Earnings before interest, taxes and depreciation and amortization (”EBITDA”) for the six months ended June 30, 2006 increased 14% to $2,769,774 as compared to $2,437,533 for the same period in 2005. EBITDA for the trailing twelve months ended June 30, 2006 and 2005 was $5,244,983 and $4,129,536, respectively, a 27% increase.

The Company affirms its guidance issued on March 30, 2006 that gross revenues, consisting primarily of monthly recurring revenue (MRR), will increase by 34% to $30,000,000 while also projecting a 29% increase in earnings to $1,200,000 for the year ending December 31, 2006. This projection does not assume any contribution to anticipated results from future acquisitions.

Howard M. Siegel, Chairman and Chief Executive Officer commented, “The value of the Company’s diversified business model provides the opportunity to invest in our business, allowing us to maintain and grow our market position in each business unit. The TBCS division is making significant progress to integrate technologies to foster company-wide cross platform expansion in support of our primary goal to become the dominant provider of medically oriented, call center solutions. The second quarter also marked the completion of management’s consolidation of our HSMS engineering and fulfillment capability to the Long Island City operations hub from which additional efficiencies are anticipated. We further believe ongoing developments in technology will create new opportunities to increase traction within the HSMS division.”

About American Medical Alert Corp.

AMAC is a healthcare communications company dedicated to the provision of support services to the healthcare community. AMAC’s product and service portfolio includes Personal Emergency Response Systems (PERS) and emergency response monitoring, electronic medication reminder devices, disease management monitoring appliances and healthcare communication solutions services. AMAC operates seven communication centers under local trade names: HLINK OnCall, Long Island City, NY, North Shore TAS, Port Jefferson, NY, Live Message America, Audubon, NJ, ACT Teleservice, Newington, CT and Springfield, MA, MD OnCall, Cranston RI and Capitol Medical Bureau Rockville, MD to support the delivery of high quality, healthcare communications.

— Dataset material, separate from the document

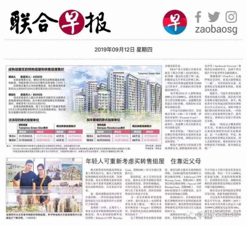 他说:“政府过去侧重新组屋买家,但现在的新措施同时让新组屋和转售组屋买家都获益,是一个正确举动。毕竟,如果首次购屋者都是买新组屋,没人买转售组屋,现有组屋屋主如何释放房子的价值,提升到私宅呢?”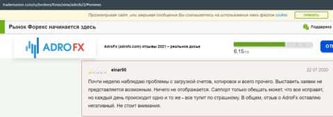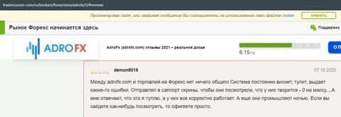 Пользователь сети также отметил, что торговая система конторы Адро ФХ тупит очень страшно, так как заявки не пропускает и из-за этого счет быстро уходит в большой убыток.

Use of Non-GAAP Financial Information

In addition to the results reported in accordance with accounting principles generally accepted in the United States (”GAAP”) included in this press release, the Company has provided information regarding certain non-GAAP financial measure. This measure is “earnings before interest, taxes and depreciation and amortization (”EBITDA”)”. Such information is reconciled to its closest GAAP measure in accordance with the Securities and Exchange Commission rules and is included in the attached supplemental data.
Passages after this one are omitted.